Jared Diamond presents a plausible cause for the Anasazi demise in his book "Collapse", but of more interest to this timeline is a passage in his Maya chapter which mentions Cortez. The Maya civilization had collapsed hundreds of year before the Spaniards came and the region was sparsely populated at the time of Cortez.

From Collapse:

"When Cortez and his Spanish army passed through the Central Peten in 1524 and 1525, they nearly starved because they encountered so few villages from which to acquire corn. Cortez passed within a few miles of the ruins of the Classic cities of Tikal and Palenque, but he heard or saw nothing of them because they were covered by jungle and almost nobody was living in the vicinity."

If Cortez was killed and the Aztecs are ravaged by small pox then subsequent conquistadors would have a very rough time. They could not rely on natives for food supply or for information. They would also have a harder time trying to play one tribe against another. And they would have far fewer natives to try to bully into giving them gold or to use as cheep labor. Even if the Aztec empire were to fall, the Spanish conquest of the region would be greatly slowed.

1920's Battle of Mecca

Any reason you chose the 1920's or suggested the 1920's?

Slow gold

The timeline does not explicitly state when Cortes dies but I assume it is in 1519 when Cortes first arrives at Tenochtitlán. With a POD this late I think the Aztecs are still doomed.

- Cortes has already slaughtered tens of thousands of Aztecs (30,000 in Cholula alone).

- The Spanish in general have now seen ample evidence of the vast amounts of Aztec gold.

- Cortes has coerced the Tlaxcalteca and others against Tenochtitlán, so an ongoing Aztec civil war is very likely.

- In OTL the Aztec small pox epidemic was started in 1520 by Spanish who were to meet up with Cortes. In this timeline the outbreak would be somewhat later and would start more towards the coast, but it would ultimately have the same effect.

The lesson the Spanish would learn from Cortes' failure is that Cortes had overextended himself; not that Cortes was "wrong".

So what about the Inca? Pizzaro (or some Pizzaro-like person) would be later. The Inca would still be ravaged by small pox but perhaps their civil wars would be resolved before Pizzaro arrives. If the Inca get organized they could offer a much better defense than in OTL but they would still undoubtedly be ultimately defeated.

So the Aztec and Inca empires still fall, only slightly later. The Spanish still get big heaps of gold, only at a bit slower rate. Will the slightly slower rate of gold accumulation have a great effect on the Spanish Empire back home?

Cortes not unique

Just a rant on the non-significance of a dead Cotes (assuming a dead Cortes is the POD).

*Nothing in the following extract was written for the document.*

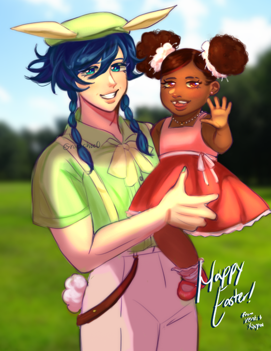 Happy Easter! (idk what easter is abt i just love the cute pastel outfits) this photo was taken at an egg hunt, baby Xinyan ate lots of chocolate & won third place, a bratz doll easter basket. her uncle drove her to McDonalds after. today was a good day ^o^ why is Xinyan a toddler? well this is apart of my family au, venti is her cool uncle. i wont reveal the parents until later on.
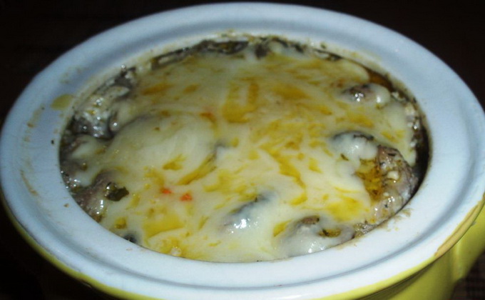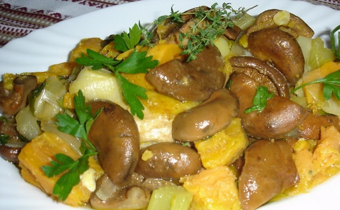 Mettez les casseroles dans le four et laissez mijoter 20 à 25 minutes à 180 ° C. Servir saupoudré d'herbes hachées. Pour la sauce pour le rôti cuit selon cette recette avec de la viande et des champignons, vous devez faire fondre et chauffer l'huile dans une casserole, ajouter la farine tamisée et faire revenir doucement, en remuant, jusqu'à ce que l'odeur de noix rôties apparaisse. Incorporer la farine en remuant constamment, diluer avec la crème sure chauffée.

So . . . Cortes acted far beyond his orders, he was super-aggressive and super-ambitious. Only after he had taken irreversible actions did Spanish/Castilian authority and lawfulness enter the area. Hey - this is the same pattern used to conquer the Incas and the Pueblos later on. This is the same pattern they used to conquer the Canaries and to re-conquer the Iberian Peninsula long before Cortes. This was THE way they operated! If Cortes is removed from the equation there are a score of other Castilians ready to step up and become Cortes II.

So . . . in this timeline Montezuma listens to different advisors and kills Cortes. Cool. But . . .

  • Montezuma is still a weak, Chamberlain-like, leader.
  • The leadership of the second largest Aztec city, Cholula, has still been slain by Cortes along with thousands of other natives between Tenochtitlan and the coast.
  • Lots of Spaniards with cannon, armor, horse, and guns are still in mesoamerica or in the American Indies - all eager to make a name for themselves.
  • Smallpox will still devastate the entire New World one way or another.
  • The Aztecs are still in a "civil" war against the Tlaxcalan.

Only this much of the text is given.